Spark新手求教：如何本地开发PySpark并提交至集群？

阿华AIGC实验室

2026-5-21

Hey there! I've helped a few folks set up PySpark dev environments on Windows for remote Spark clusters, so let's break this down step by step for your specific setup:

1. Get Your Local Windows Environment Ready

First, let's make sure your Windows 10 laptop has all the pieces to run PySpark locally and talk to your Ubuntu cluster:

Match Python Versions: Install the same Python version on Windows that's running on your Ubuntu Spark cluster. This avoids nasty compatibility bugs.
Install PySpark: Run pip install pyspark==2.3.0 (exact version matching your cluster's Spark is critical here).
Set Environment Variables:
- SPARK_HOME: Point this to the path where you unzipped Spark 2.3.0 on Windows (e.g., C:\spark-2.3.0-bin-hadoop2.7).
- HADOOP_HOME: Windows needs this for file system operations. Download the matching winutils.exe for your Hadoop version (Spark 2.3.0 usually uses Hadoop 2.7), unzip it to a folder like C:\hadoop-2.7.0, and set HADOOP_HOME to that path. Also add %HADOOP_HOME%\bin to your system PATH.
- PYSPARK_PYTHON: Set this to your local Python executable path (e.g., C:\Python36\python.exe) to ensure PySpark uses the right interpreter.
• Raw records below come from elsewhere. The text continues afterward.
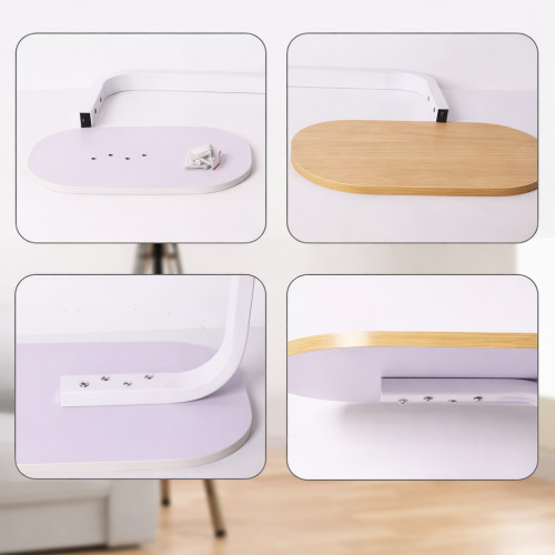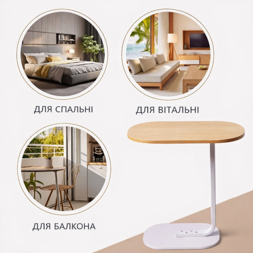 Столик оснащён прочным металлическим каркасом белого цвета, который обеспечивает устойчивость и долговечность конструкции. Столешница выполнена из качественного ДСП в цвете светлого дерева, устойчива к повседневным нагрузкам и проста в уходе.
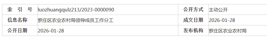 罗庄区农业农村局领导成员工作分工
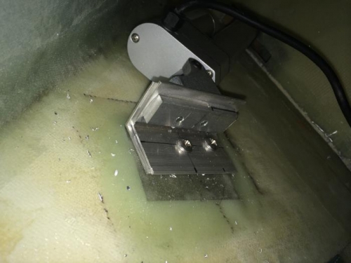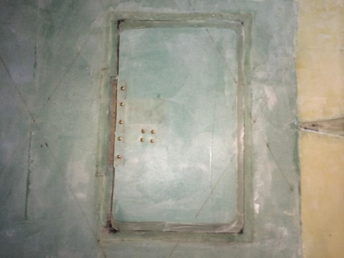 Removed landing brake from fuselage bottom. Installed hinge and laid all layers of fiberglass on fuselage bottom and inside of landing brake.
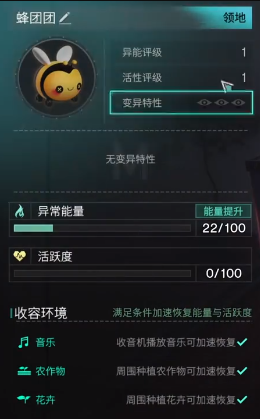 蜂团团的生效方式是异常能量大于30,只要大于30才会自动激活并进入工作状态中,大家可以布置好它想要的环境来提高异常能力,蜂团团需要音乐、农作物、花卉这三样东西。
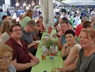 Um 17:30 Uhr trafen sich alle mitgereisten Mitglieder des Vereins. Gemeinsam liefen wir in das riesige Festzelt ein, wo 8 Weingüter ihre Weine präsentierten und verkauften. Die von uns mitgebrachte Hermsdorfer Fahne wurde geschwenkt und alle nahmen ihre Plätze, an den reservierten Tischen, ein.

2. Test Local PySpark First

Before jumping to remote clusters, confirm local PySpark works:

Open a command prompt and run pyspark. You should see the Spark shell load.

Run a quick test command:

rdd = sc.parallelize([1,2,3,4])
print(rdd.sum())

If it outputs 10, your local setup is good to go.

3. Configure Access to Your Ubuntu Spark Cluster

Next, let's get your Windows machine talking to the remote standalone cluster:

Verify Network Access: Make sure your Windows laptop can ping the Ubuntu server, and that the cluster's firewall allows traffic on port 7077 (Spark Master default) and 8080 (Spark Web UI).
Sync Spark Configs: Copy the spark-defaults.conf and spark-env.sh files from your Ubuntu cluster's $SPARK_HOME/conf directory to your local Windows SPARK_HOME/conf directory. This ensures your local PySpark uses the same cluster settings.
Set Cluster Master URL: Add an environment variable SPARK_MASTER_URL on Windows with the value spark://<your-ubuntu-server-ip>:7077 (replace <your-ubuntu-server-ip> with your server's actual IP address).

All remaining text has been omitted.